Epitopes shown to be immunogenic in the HLA II context of a particular subject are also expected to be immunogenic in other subjects, provided that they express any of the HLA II molecules that such an epitope can bind [33,34,35]. Under this assumption, and taking into consideration the HLA II binding profiles, our peptides were expected to elicit responses in up to 98% of the population, regardless of their ethnicity [28]. A pool encompassing these epitopes was indeed able to elicit IFNγ recall responses by CD4 T cells in 29 out of 30 donors (96.6%) (Figure 4a). We realize that all donors were Caucasians, but we detected more responses to this pool than a commercial peptide pool including 35 peptides (CEFTA pool), often used as a positive control for ELISPOT assays. Detection of peptide-specific IFNγ recall responses by CD4 T cells reveals that these peptides are bona fide CD4 RV-specific T cell epitopes, which are processed and targeted during RV infections. Interestingly, we could likewise detect strong IFNγ recall responses by CD8 T cells in 80% of the donors (Figure 4b). CD8 T cell responses to CD4 T cell epitope are somewhat expected, since CD4 T cell epitopes can bear shorter peptides (9–11-mer) capable of binding to HLA I molecules and can be recognized by CD8 T cells. In fact, in a previous work, we identified CD8 T cell epitopes within some of the CD4 T cell epitopes reported here [18]. Moreover, we also described that RVC1791–1806 (GLEPLDLNTSAGFPYV) is an unusually long HLA-A*02:01-restricted CD8 T cell epitope [18].
Given the extent of the responses, the three RV A- and four RV C-specific CD4 T cell epitopes identified are of particular interest for monitoring RV infections. More importantly, these epitopes represent excellent candidates to develop an epitope-based vaccine against RV, as they can also induce CD8 T cell responses. Moreover, they could be combined with additional CD8 T cell epitopes to enhance such responses. It is noteworthy that CD4 T cell epitopes alone or in conjunction with CD8 T cell epitopes could be readily incorporated into RNA vaccine technologies for parenteral or intranasal forms of administration in the future.

Supplementary Materials

The following are available online at https://www.mdpi.com/article/10.3390/cells10092294/s1. Table S1: HLA II molecules used for predicting peptide binding; Table S2: HLA I binding predictions of all 9-mer peptides contained in RVA65-82 to HLA I molecules expressed by Donor #2; Table S3: Binding affinity data of RV peptides to HLA II molecules; Table S4: IFNγ-responses from HLA II-typed donors to RV-specific CD4 T cell epitopes; Figure S1: Peptide-specific IFNγ production by CD8 T cells.

Author Contributions

Conceptualization: E.M.L., E.L.R., and P.A.R.; investigation: M.G.-P. and P.A.R., methodology: M.G.-P., T.F., J.S., A.S., and M.F.-A.; formal analysis: M.G.-P. and P.A.R.; funding acquisition: P.A.R. and E.L.R.; writing—original draft: M.G.-P. and P.A.R.; writing—review and editing: M.G.-P., E.M.L., and P.A.R. All authors have read and agreed to the published version of the manuscript.

Funding

This research was supported by UCM research special funds to P.A.R. and by the CAM research agency through grant IND2020/BMD-17364 to P.A.R.

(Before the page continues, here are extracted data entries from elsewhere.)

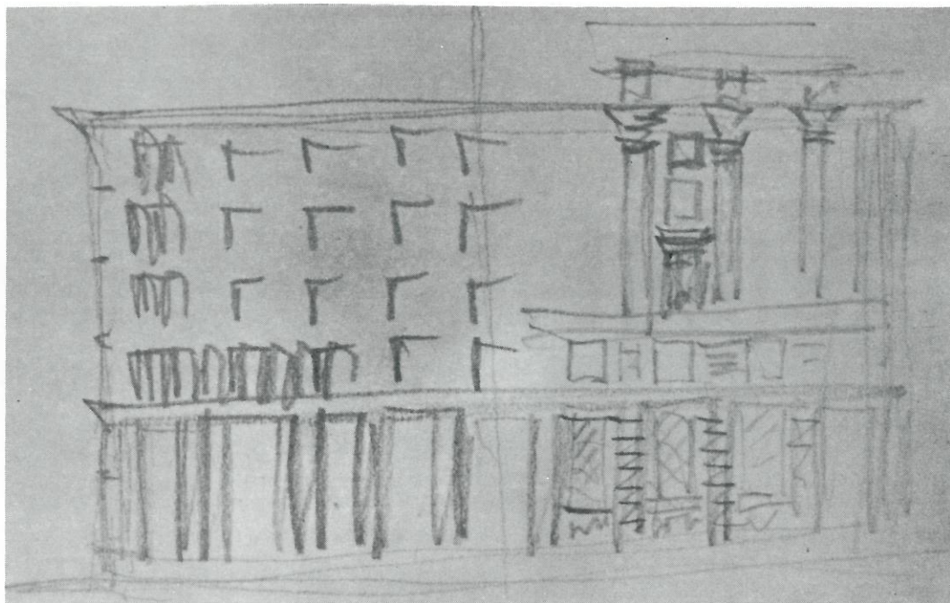
Ilustração 2 - Desenho de Marcello Piacentini

não se trata de uma vista da cidade, de uma forma resultante que necessite de um espaço além de seus limites; a elevação que temos na ilustração 1 é a “verdadeira grandeza” das proporções, dos ritmos, da compreensão da pauta, autônoma de qualquer determinação “exterior”. As medidas são dadas em termos absolutamente visuais; neste sentido, esclarece-se a força plástica de cada elemento na hierarquia compositiva: porta, pilastras, aberturas e relevos. Notas de uma harmonia visiva, as formas do universo clássico para Piacentini, no decorrer de sua obra, irão se tornar “formas estruturais”: é o “arquiteto que em suma procede, compondo, como o pintor: tenta linhas, sente a necessidade de claros e escuros, de formas genéricas, não de colunas, de capitéis e de outras formas” 12 ; o que lhe interessa são valores visuais, dos quais podem ser extraídos, a partir destes elementos, o caráter construtivo das formas na cidade.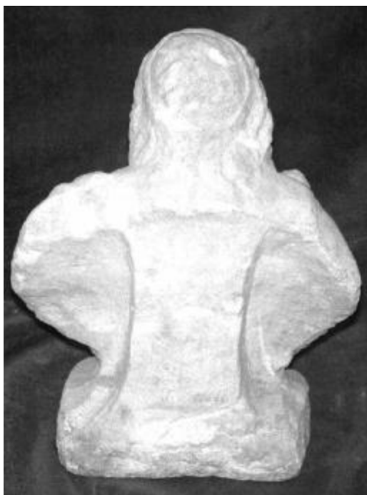
Fig. 3 – Bust-portret masculin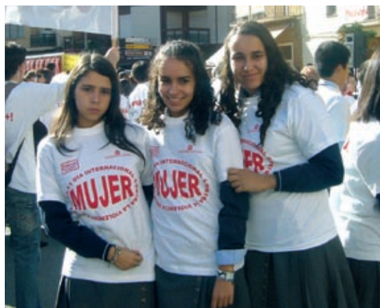
Las chicas de tercero de ESO en l'Eliana.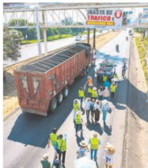
ZONA DE CONFLICTO. Los manifestantes piden agentes viales y obras en la zona para reducir los accidentes y el caos en horas pico.

"En concreto, pedimos apoyo de la Policía Vial durante todo el día, que se habiliten calles (como Jilgueros, Ocampo y todas las alejadas). Solicitamos una veda en las construcciones de fraccionamientos y naves industriales hasta que esto se resuelva".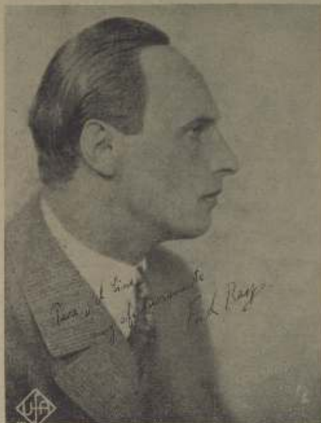
El eminente artista Fritz Lang, astro de la UFA

Al andar de las diversiones del cine no se puede pasar por alto las orquestas de las películas famosas. Estas ocurren generalmente en el Teatro Chino en el boulevard

Institutional Review Board Statement

The study was conducted according to the guidelines of the Declaration of Helsinki and approved by the Ethics Committee of Hospital Clínico San Carlos, Madrid, Spain (protocol code C.I. 14/423-E_BS. approval date 15 October 2014).

Informed Consent Statement

Informed consent was obtained from all subjects involved in the study.

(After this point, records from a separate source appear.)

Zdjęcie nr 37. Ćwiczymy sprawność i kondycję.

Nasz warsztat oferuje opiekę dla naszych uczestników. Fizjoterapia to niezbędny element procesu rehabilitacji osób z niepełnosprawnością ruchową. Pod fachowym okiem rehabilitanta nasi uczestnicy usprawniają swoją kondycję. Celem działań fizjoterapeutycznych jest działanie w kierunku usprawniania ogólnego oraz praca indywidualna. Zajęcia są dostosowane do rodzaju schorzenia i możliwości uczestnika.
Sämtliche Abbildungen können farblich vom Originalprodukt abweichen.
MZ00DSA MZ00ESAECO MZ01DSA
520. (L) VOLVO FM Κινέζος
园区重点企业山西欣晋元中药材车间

Data Availability Statement

The data presented in this study are contained within the article and/or supplementary material and are also available on request from the corresponding author.

Acknowledgments

We wish to thank the UCM-Harvard fellowship program for supporting MGP through Grant CT17/17–CT18/17.

Conflicts of Interest

The authors declare no conflict of interest.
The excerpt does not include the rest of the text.